For more informations, see Generated Fixed-Point Code.

Fixed-point report

In R2014a, when you convert floating-point MATLAB code to fixed-point C/C++ code, the code generation software generates a fixed-point report in HTML format. For the variables in your MATLAB code, the report provides the proposed fixed-point types and the simulation or derived ranges used to propose those types. For a function, my_fcn, and code generation output folder, out_folder, the location of the report is out_folder/my_fcn/fixpt/my_fcn_fixpt_Report.html. If you do not specify out_folder in the project settings or as an option of the codegen command, the default output folder is codegen.

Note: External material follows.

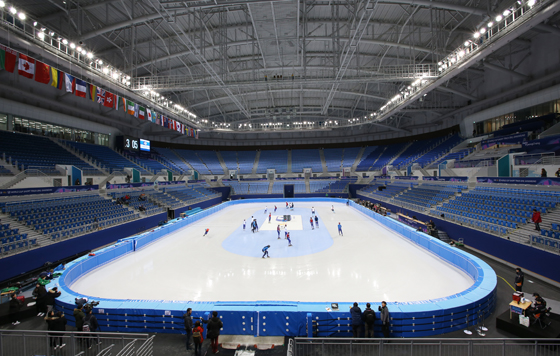 | 14일 개관한 2018 평창동계올림픽 피겨·쇼트트랙 경기장인 강릉 아이스아레나에서 국가대표 쇼트트랙 선수들이 훈련하고 있다. 강릉 아이스아레나는 지하 2층, 지상 4층, 건물 전체면적 3만2399㎡ 규모다. |

Automatic C compiler setup

In earlier releases, to set up a compiler before using fiaccel to accelerate MATLAB algorithms, you were required to run mex -setup. Now, the code generation software automatically locates and uses a supported installed compiler. You can use mex -setup to change the default compiler. See Changing Default Compiler.

More flexible control of dsp.LMSFilter System object fixed-point settings

For all dsp.LMSFilter System object fixed-point settings, you can now specify independent fixed-point data types.

This capability requires a DSP System Toolbox license.

Derived ranges for For Each and For Each Subsystem blocks

Range analysis supports For Each and For Each Subsystem blocks, with the following limitations:

R2013b

New Features, Bug Fixes, Compatibility Considerations

C99 long long integer data type for embedded code generation

If your target hardware and your compiler support the C99 long long integer data type, you can use this data type for code generation. Using long long results in more efficient generated code that contains fewer cumbersome operations. Multi-line fixed-point helper functions can be replaced by simple expressions. This data type also provides more accurate simulation results for fixed-point and integer simulations. If you are using Microsoft® Windows® (64-bit), using long long improves performance for many workflows including:

  • Using Accelerator mode in Simulink

  • Working with Stateflow® software

  • Generating C code with Simulink Coder

  • Accelerating fixed-point code using fiaccel

  • Generating C code and MEX functions with MATLAB Coder

For more information about enabling long long in Simulink, see the Enable long long and Number of bits: long long configuration parameters on the Hardware Implementation Pane.

For more information about enabling long long for MATLAB Coder, see coder.HardwareImplementation.

Model Advisor fixed-point checks with additional coverage and optimization awareness

The Model Advisor fixed-point checks now cover additional blocks in base Simulink and System Toolboxes. The checks also now include the MATLAB Function block, System objects, Stateflow, and fi objects. These improved checks consider model settings such as hardware configuration and code generation settings. These updated checks also avoid false negative results.

These checks require an Embedded Coder® license.

fi object as an index in colon expressions and an argument to numel and bit index functions

fi object as an index in colon expressions

You can now use fi objects in colon expressions. When you use fi in a colon expression, all colon operands must have integer values. See the fi and colon reference pages for examples.

fi objects as bit index input argument

The bitget, bitset, bitsliceget, bitandreduce, bitorreduce, and bitxorreduce functions now accept fi objects as the bit index argument.

fi objects as shift-value input argument

The bitsra, bitsrl, bitsll, bitrol, and bitror functions now accept fi objects as the shift-value input argument. You can use fi and built-in data type shift values interchangeably in MATLAB functions. This new capability facilitates fixed-point conversion.

numel function support for fi inputs

Effective R2013b, the numel function returns the number of elements in a fi array. Using numel in your MATLAB code returns the same result for built-in types and fi objects. Use numel to write data-type independent MATLAB code for array handling; you no longer need to use the numberofelements function.

The numel function is supported for simulation and code generation and with the MATLAB Function block in Simulink.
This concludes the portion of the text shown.